Action item — Using the listing below, print the line containing "西安广仁寺景区讲解接待部负责", the line containing "Porque el amor", and each line between them, exactly and nothing else. Pictures stay out of the print.

Provided records —
^^^^^^^^^^^^^^^^

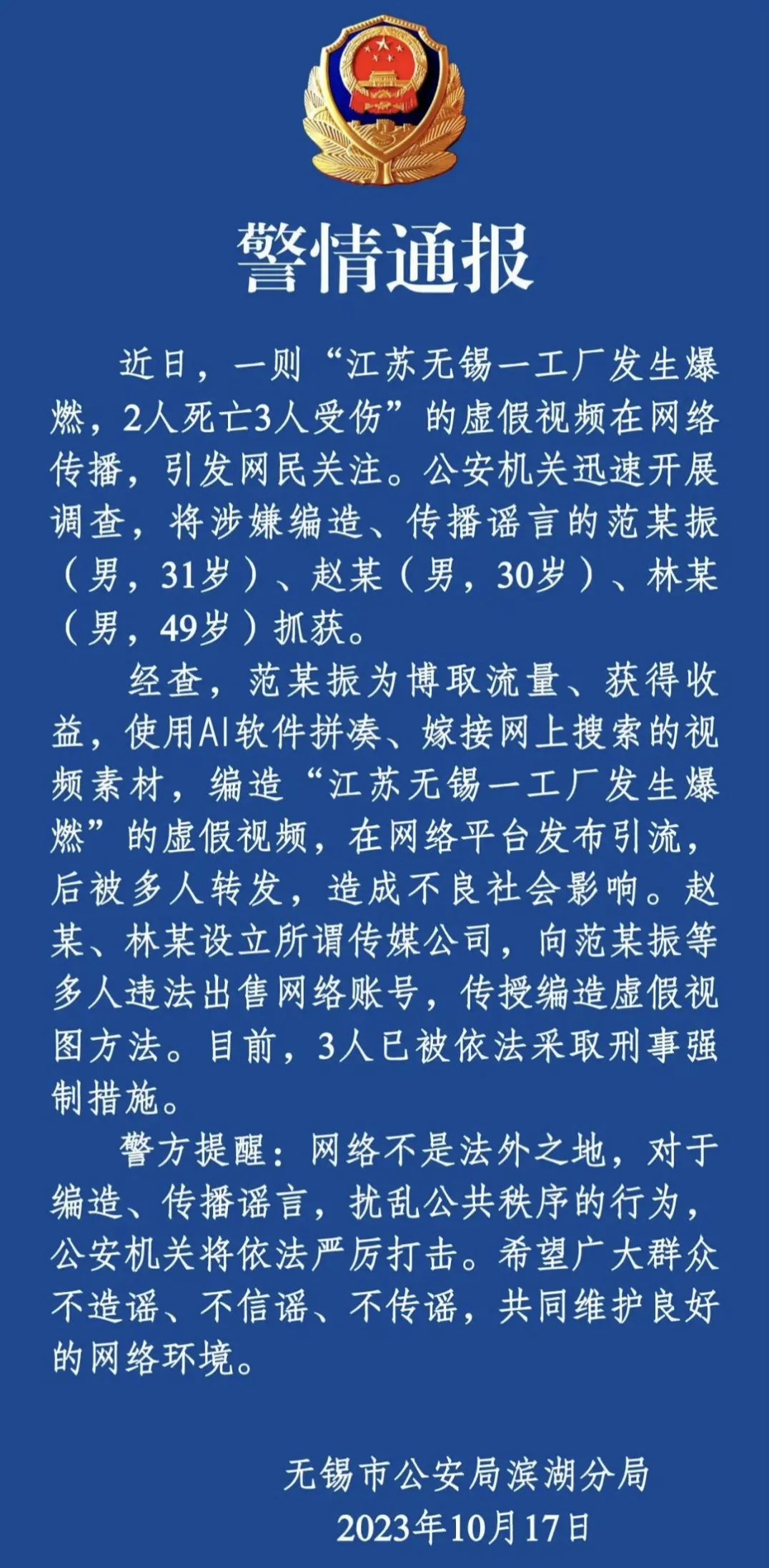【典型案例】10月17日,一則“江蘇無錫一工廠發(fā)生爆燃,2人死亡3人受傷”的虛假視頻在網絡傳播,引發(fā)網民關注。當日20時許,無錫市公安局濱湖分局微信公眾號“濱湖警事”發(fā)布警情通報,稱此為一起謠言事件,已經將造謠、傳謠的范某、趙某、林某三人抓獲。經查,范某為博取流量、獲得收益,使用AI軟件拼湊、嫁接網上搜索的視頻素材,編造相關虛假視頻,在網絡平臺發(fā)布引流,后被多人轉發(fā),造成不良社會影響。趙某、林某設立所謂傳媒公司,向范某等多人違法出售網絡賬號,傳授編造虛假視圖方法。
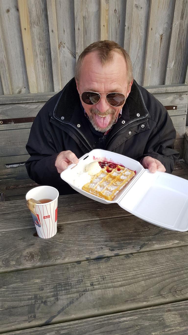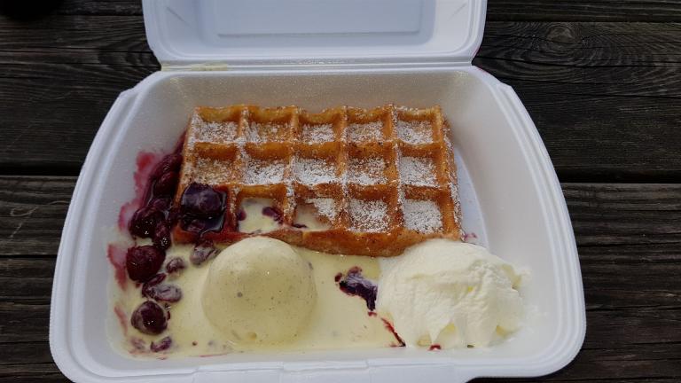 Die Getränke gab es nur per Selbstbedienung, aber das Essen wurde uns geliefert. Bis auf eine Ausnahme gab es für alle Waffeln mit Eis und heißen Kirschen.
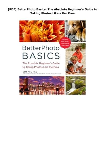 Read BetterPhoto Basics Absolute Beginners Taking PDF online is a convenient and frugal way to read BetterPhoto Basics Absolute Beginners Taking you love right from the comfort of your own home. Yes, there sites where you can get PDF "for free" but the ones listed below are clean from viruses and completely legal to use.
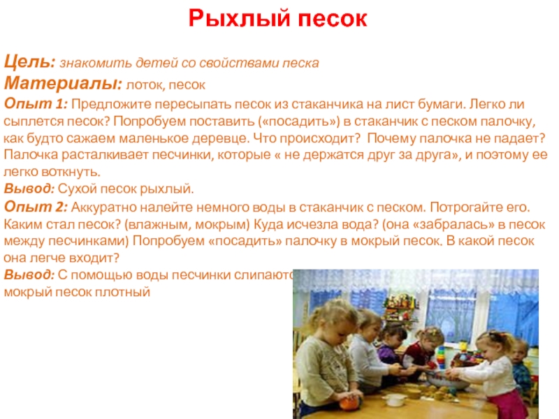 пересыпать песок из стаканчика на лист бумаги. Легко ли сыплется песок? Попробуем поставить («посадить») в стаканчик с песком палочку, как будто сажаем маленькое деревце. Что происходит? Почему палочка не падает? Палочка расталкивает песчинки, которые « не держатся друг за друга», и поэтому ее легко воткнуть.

^^^^^^^^^^^^^^^^

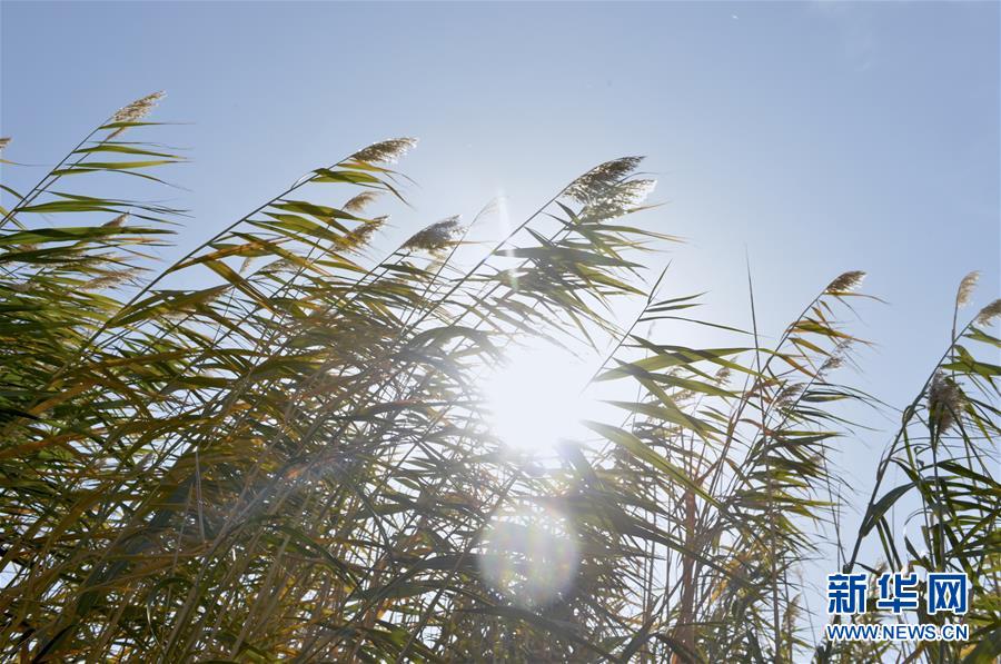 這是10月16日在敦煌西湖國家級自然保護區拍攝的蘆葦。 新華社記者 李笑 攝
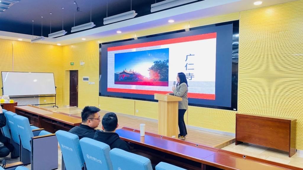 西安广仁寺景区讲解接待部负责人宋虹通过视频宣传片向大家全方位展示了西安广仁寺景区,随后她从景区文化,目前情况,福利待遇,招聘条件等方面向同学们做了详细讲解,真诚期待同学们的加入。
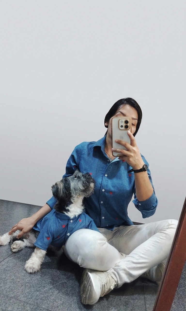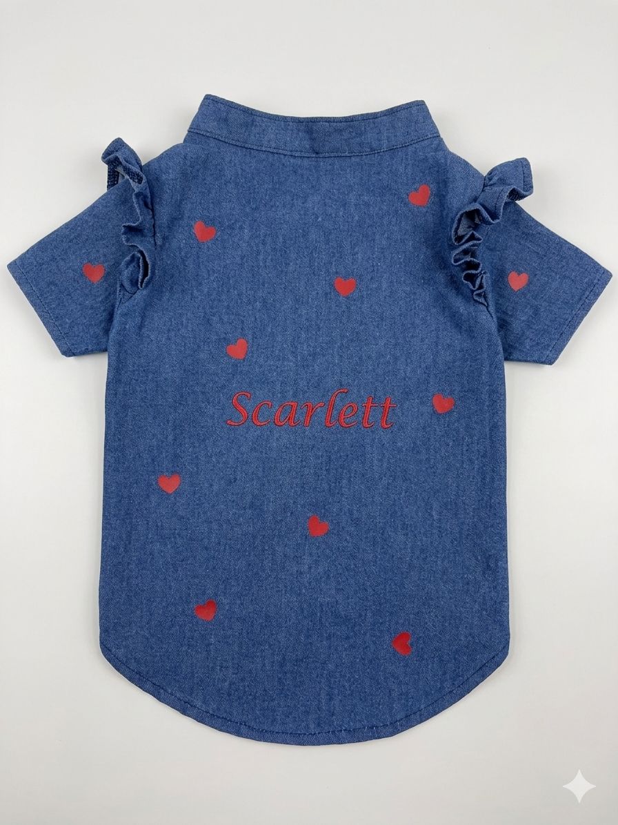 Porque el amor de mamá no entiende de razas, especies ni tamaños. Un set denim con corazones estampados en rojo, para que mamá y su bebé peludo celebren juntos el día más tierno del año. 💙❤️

^^^^^^^^^^^^^^^^

Exercise response —
 西安广仁寺景区讲解接待部负责人宋虹通过视频宣传片向大家全方位展示了西安广仁寺景区,随后她从景区文化,目前情况,福利待遇,招聘条件等方面向同学们做了详细讲解,真诚期待同学们的加入。
 Porque el amor de mamá no entiende de razas, especies ni tamaños. Un set denim con corazones estampados en rojo, para que mamá y su bebé peludo celebren juntos el día más tierno del año. 💙❤️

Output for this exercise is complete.